During his summer holidays, chef Olivier Vincenot used to spend his time in the French countryside by making pastries with his grandmother. Later, at the age of 14, he decided to pursue a vocation in one of France’s best-known bakery — La Patisserie. That is where he created many types of creamy French cakes as well as experimented with chocolates.

And then, he went on for the next seven years to strengthen his specialisation. “While some people express themselves in painting, writing and singing, my passion is baking, and chocolates become an important part of the process,” says Vincenot who also headed a pastry shop in a Japanese vineyard, making French style Japanese flavour cakes.

“What appeals to me about chocolates are its different origins.

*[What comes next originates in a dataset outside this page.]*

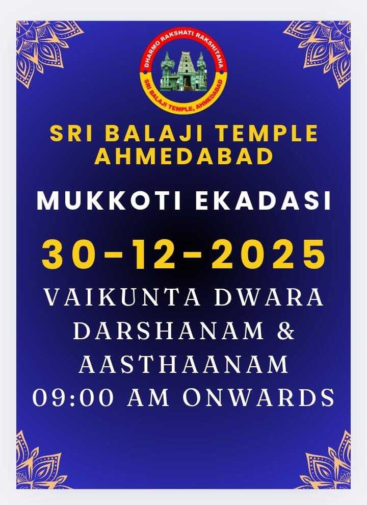 - Sri Balaji Temple!!!.A long cherished dream of Telugu people residing in Ahmedabad came true on 7Th April 2007 under Ahmedabad Andhra Maha Sabha. The land for the temple was acquired in the year 2000 and Bhoomi puja for construction of temple was held by the then chief minister of Gujarat Sri Narendra Modi in 2003. The temple designs were drawn as per Vykhanasa Aagama Sastra with the help of TirumalaTirupatiDevasthanams (TTD) Tirupati.Read More…

Chocolates are special. Mousses, cupcakes, creams, drinks and anything that you can do with food can be done with chocolates. You get some (chocolates) which are bitter than others and some which are sweeter and some can be spicy as well. It can be used in a broad range of cooking — not just as sweet but also savoury,” adds the corporate chef at Foodhall, a premium lifestyle food superstore.

Mentioning his secrets and techniques of making “perfect chocolates” through various applications like tempering, moulding and decorating, Vincenot mentions that the flavour of the chocolate used should predominate. “Chocolate has to be tasted first and then whatever else one adds, whether chilli flakes or cardomon or cinnamon has to come second. There has to be a balance,” Vincenot tells Metrolife on the sidelines of his recently held ‘Art of Chocolate Making Workshop’ at DLF, Saket.

On the need of conducting such workshops, he says, “There is a need to entertain and educate the audience. As a professional, I know chocolates. But for others it could be just two types — couverture or compound chocolates. So we try to explain the processes.”

While he points out that fusion is being tried with chocolates for a long time now, he questions if it is being done right. “People tend to use chocolates and try fusion. But if one overdoes it, then it kills the effect,” exclaims the chef who started his culinary journey, 35 years ago.